Originally published by 2 Minute Medicine® (view original article). Reused on AccessMedicine with permission.

1. After the 2016 change in the American Academy of Pediatrics’ (AAP) guidelines for brief resolved unexplained events (BRUEs), both rates of admission and of diagnostic testing for infants who presented to the emergency room with BRUEs decreased significantly from 2015 to 2017.

2. Despite this downtrend in admissions and diagnostic testing, revisits after initial presentation for BRUEs did not increase after the guideline changes and, rather, decreased slightly for infants less than 60 days old.

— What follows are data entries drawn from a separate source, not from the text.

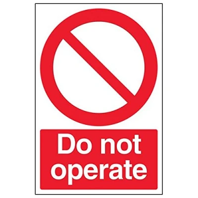 Clearly displays prohibited and potentially dangerous actions which employees and visitors must avoid in the interests of health and safety as per Health and Safety (Safety Signs & Signals) Regulations 1996 Conforms to EN ISO 7010:2012 - Prohibition signs feature a red circular symbol of at least 35% of the total sign area, on a white background, with a black pictogram Portrait Orientation. Sign reads "Do Not Operate" Highly durable 1mm plastic material and screen printed message will stand the test of time Sign measures 200 x 300mm.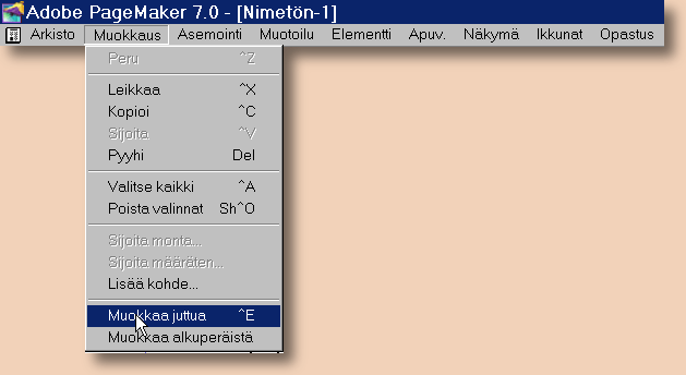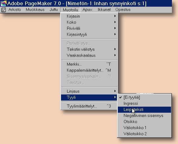 Kun eri tekstityylit on muotoillut, voidaan määritellä, mitä tekstityyliä kukin kappale noudattaa. Toki voidaan nämä toimenpiteet suorittaa päinkin vastaisessa järjestyksessä. Vaikka toimenpide voidaan suorittaa Pagemakerin normaalissa työskentelyikkunassa, on sen tekeminen, ainakin vähänkin isompaan tekstipätkään, helpompaa Pagemakerin teksti-ikkunassa. Avataan se kohdasta Muokkaus --> muokkaa juttua: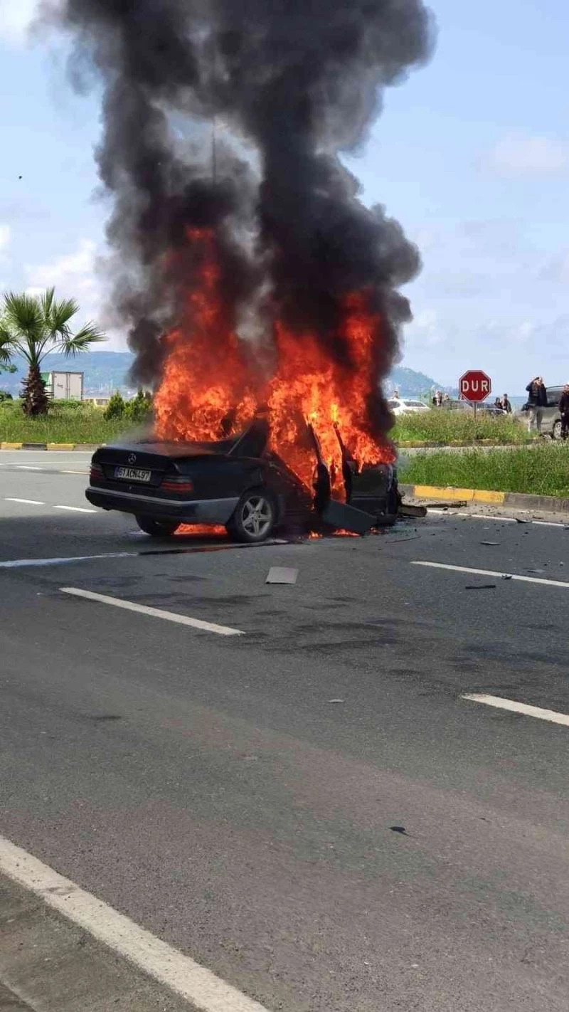 Alınan bilgiye göre, ilçenin Balıklı mahallesi Liman Kavşağı’ndan yola girmeye çalışan ve sürücüsü henüz tespit edilemeyen 61 SF 878 plakalı kamyonet ile yolda seyir halinde olan 61 ANC 497 plakalı otomobil çarpıştı. Çarpmanın etkisiyle kamyonetin devrildiği kazada, otomobil bir anda alev aldı. Çevredeki vatandaşların müdahalesi ile yanan otomobilin içinden sürücü son anda çıkartılırken, olay yerine itfaiye ve polis ekipleri sevk edildi. Yanan otomobil, itfaiye ekiplerinin müdahalesiyle söndürülürken, iki aracın sürücüsü kazayı hafif sıyrıklarla atlattı. Kaza nedeniyle bir süre trafiğe kapatılan yol, araçların kaldırılmasının ardından tekrar ulaşıma açıldı. Kazayla ilgili inceleme sürüyor.

Evidence Rating Level: 2 (Good)

Study Rundown:

In 2016, the AAP renamed the previously-termed apparent life-threatening event (ALTE), instead referring to these episodes as BRUEs. In addition to renaming the events, the AAP also redefined the entity and changed management guidelines to include risk stratification and management recommendations for low-risk patients. Authors of this study sought to determine whether or not rates of admissions and diagnostic testing (such as MRIs, chest radiographs, electrocardiograms, and cerebral spinal fluid testing, among other things) decreased after the changes in these guidelines. Results from this retrospective cohort study suggested that rates of both admissions and diagnostic testing decreased, with admission rates being particularly low in infants greater than 2 months of age. Despite decreased rates of admissions and diagnostic testing, rates of revisits after initial presentation for BRUE did not increase after implementation of the new guidelines. Further study is required to determine whether or not outcomes changed following the guideline changes for this population of patients. Still, the overall trend away from admission and diagnostic testing without an increase in revisit rates indicates that the new guidelines have given providers both a safe and more cost-effective means of managing patients presenting with BRUE.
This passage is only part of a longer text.